The beach and margaritas will have to wait after Cameron Smith dramatically survived the Australian Open halfway cut.
Smith looked headed for the Open exit gates after posting a second successive lacklustre one-over-par round on Melbourne's sandbelt.
The superstar world No.3 was languishing in a share of 82nd position when he walked off Kingston Heath on Friday morning, seemingly resigned to missing the cut.
"That was pretty rubbish out there today," he said after mixing four birdies with five bogeys.
"I was just really uncomfortable all day, kind of similar to yesterday. I just couldn't quite hit the ball out the middle of the club face for some reason.
"My mind was a little bit foggy, obviously a little bit tired as well.
"But I need to play better than that, even when I am tired. It's probably the easiest this place is going to get."
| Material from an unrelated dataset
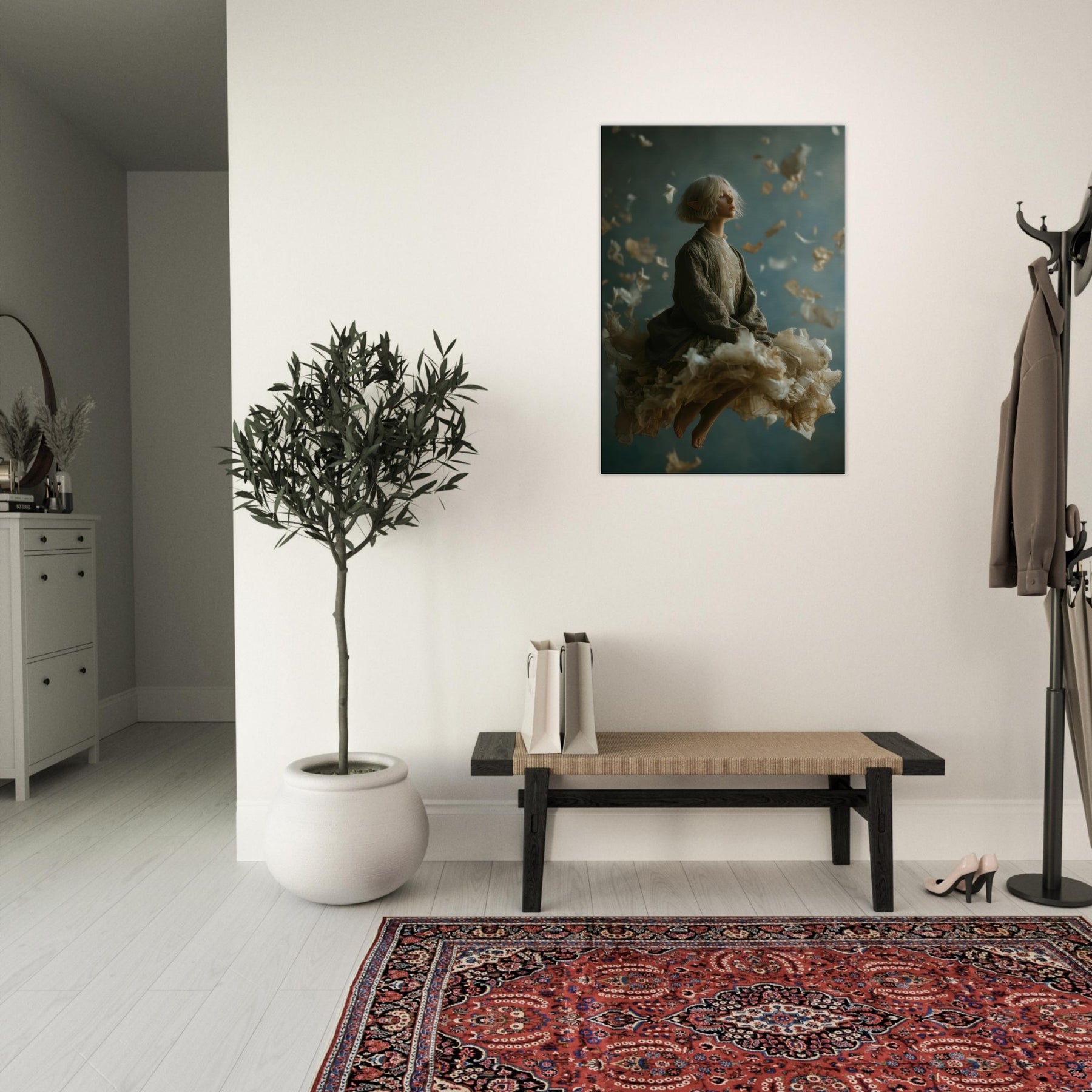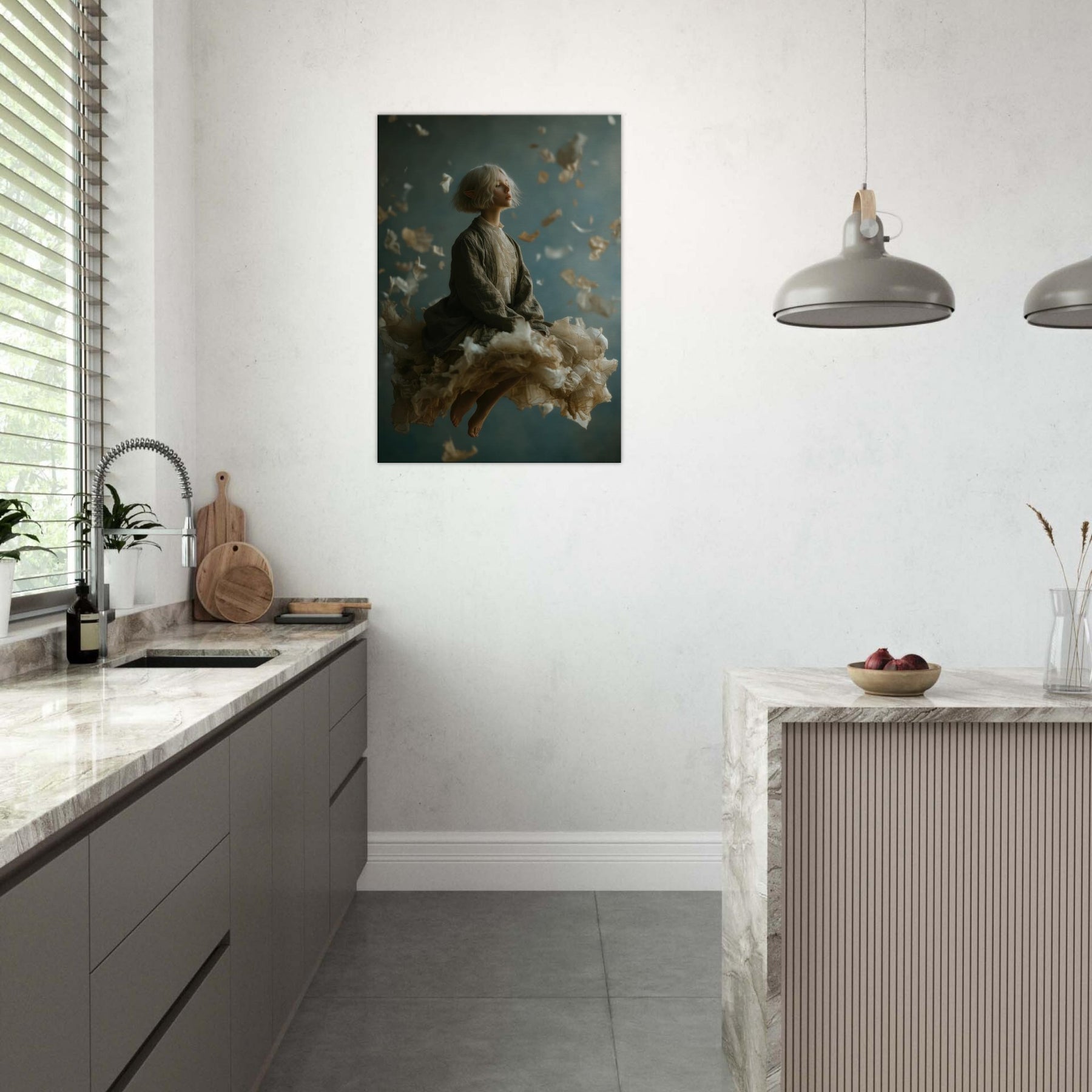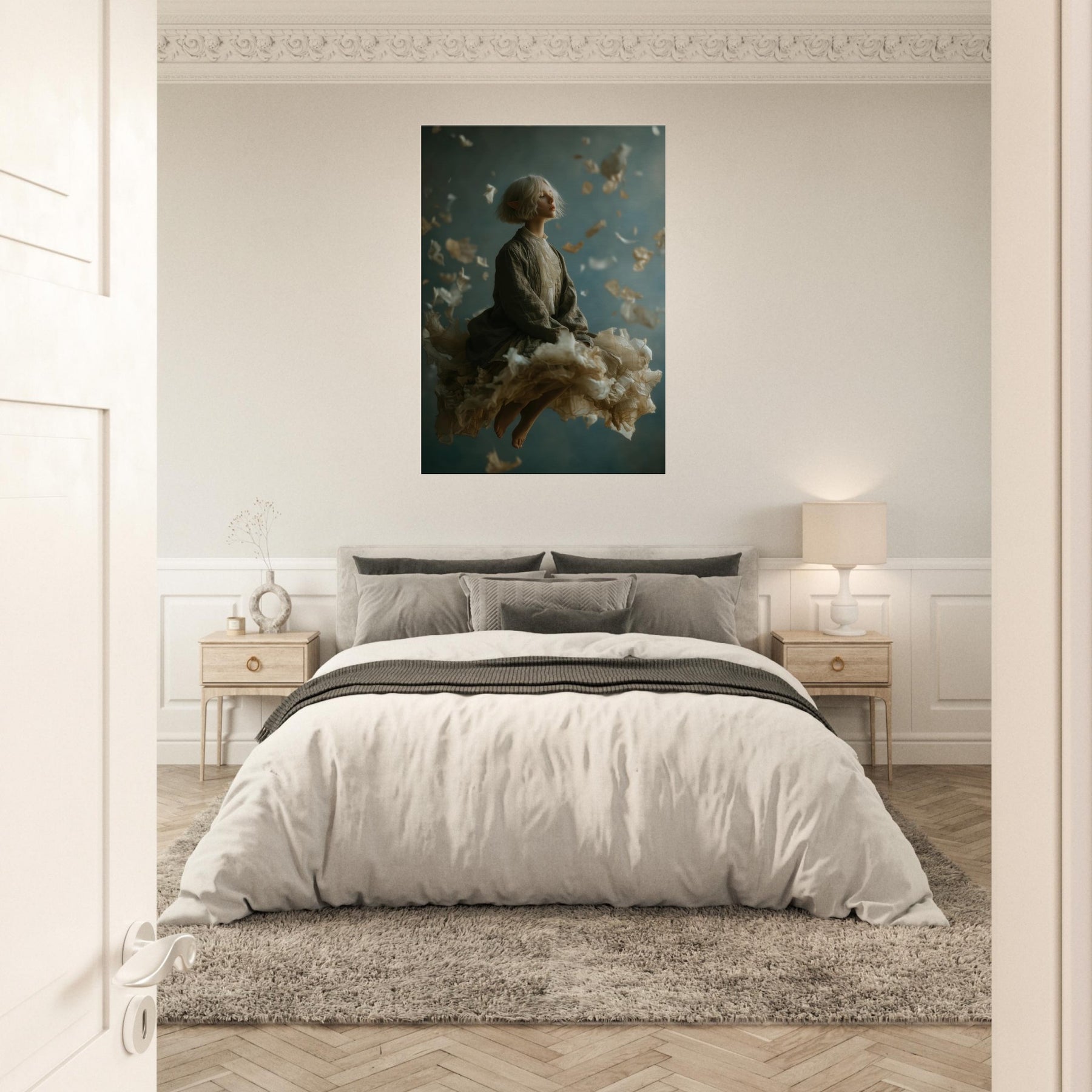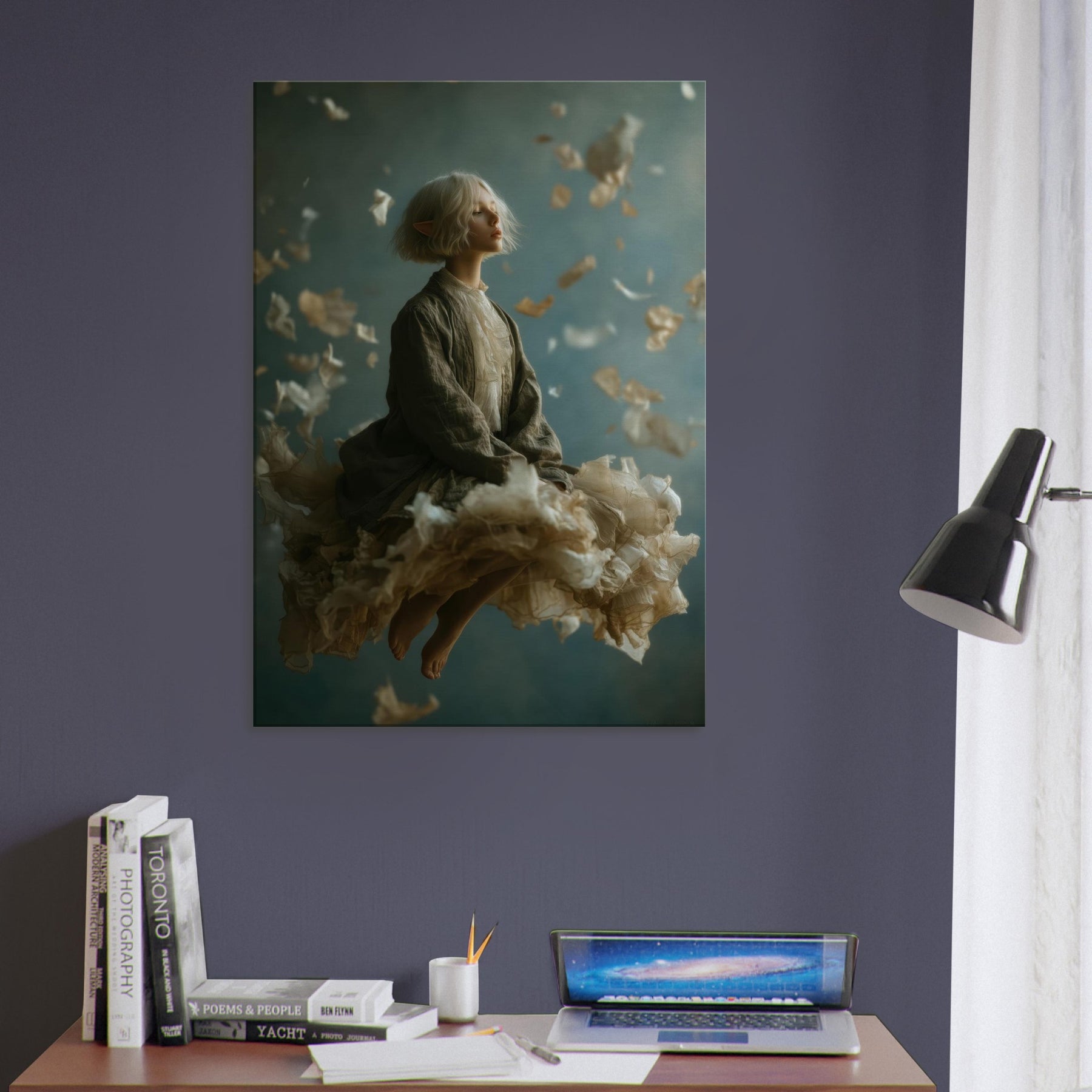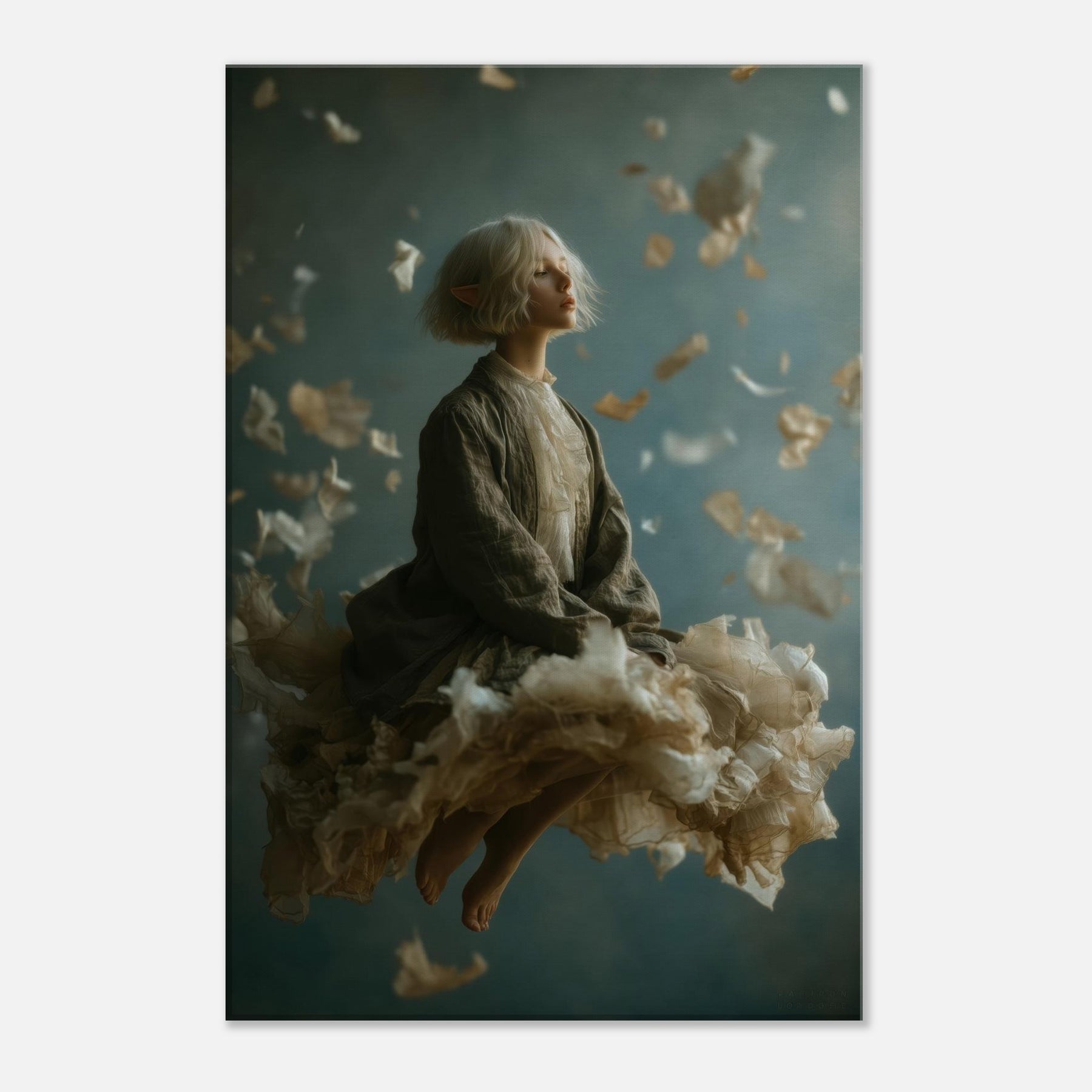 Bathed in iridescent light, this surreal work centers a Mystical Elf as leaves drift like whispers around her. Her velvet cloak and pale, otherworldly features glow with quiet luminosity. The dreamlike scene blends memory and fantasy, inviting slow, meditative gazes. With a muted palette and airy composition, it brings calm, imagination, and gentle wonder to any room transforming a wall into a doorway for nightly reverie and conversations that linger.
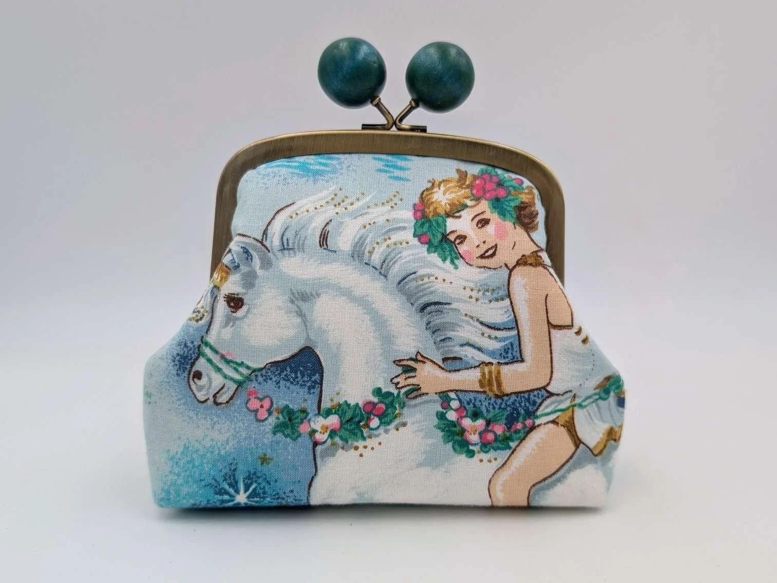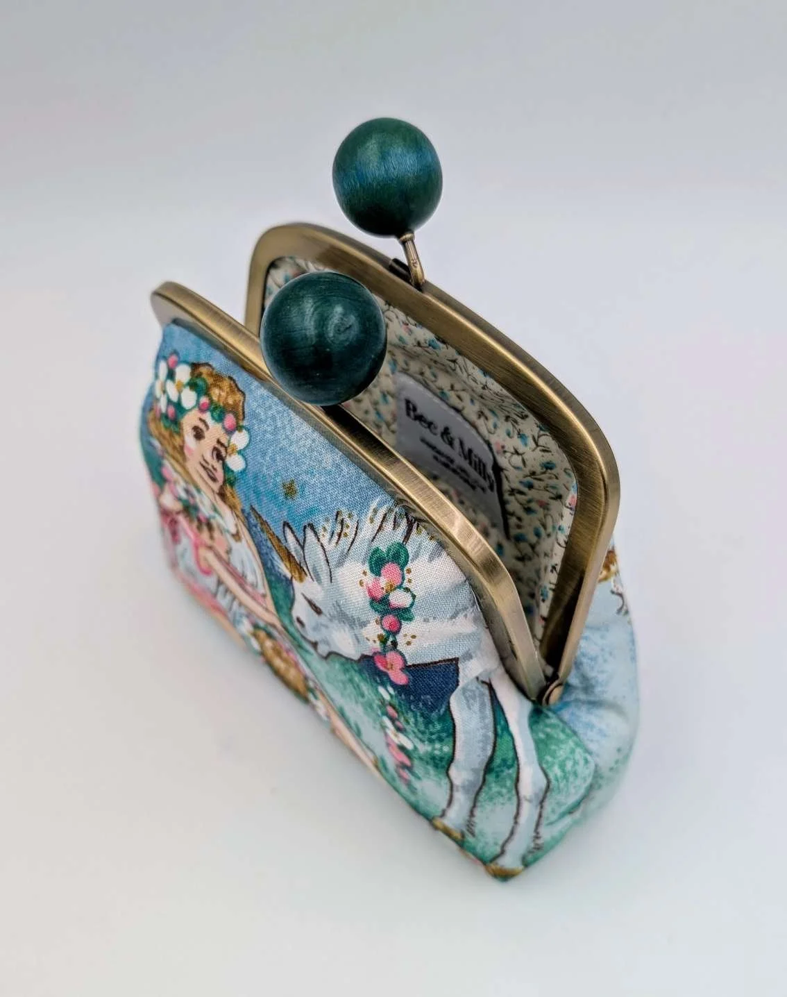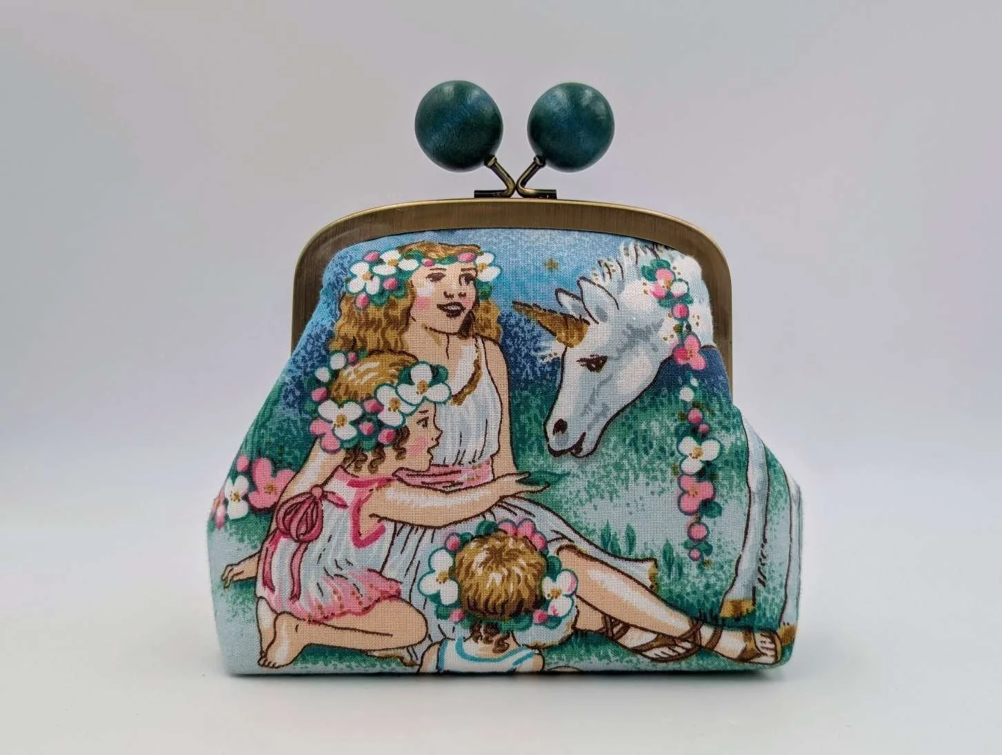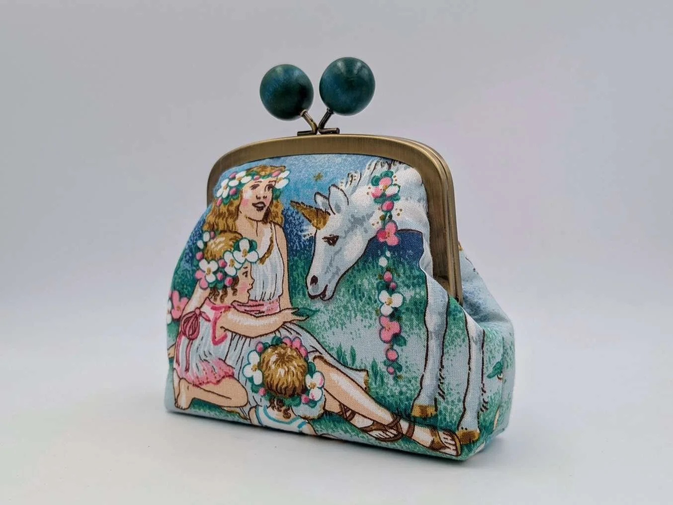 Handmade sweet medium purse from vintage Shirley Barbar fabric featuring unicorns and fairies

After an uncertain six-hour wait, Smith learnt he'd climbed the leaderboard sufficiently to earn a Saturday tee slot right on the two-over cut number.
But, sitting 10 shots adrift of co-leaders Adam Scott and David Micheluzzi, Smith still needs a minor miracle to complete the Australian PGA Championship-Open double.
His more immediate concern will be surviving the new Saturday second cut of top 30 players and ties, introduced this year to free up enough final-round fairway space for the women's event being staged simultaneously.
Before departing on Friday, Smith blamed mental fatigue for his ho-hum showing this week following a wildly successful but sapping 2022 campaign.
"I can't wait for sleep. I've played a lot more golf than I thought I would have at the start of the year," he said.
"I'm looking forward to four or five weeks off here and just kind of mentally reset.
"I think the brain has been going pretty hard the last few months so, yeah, it'd be good time to sit down on the beach somewhere and have a few margaritas."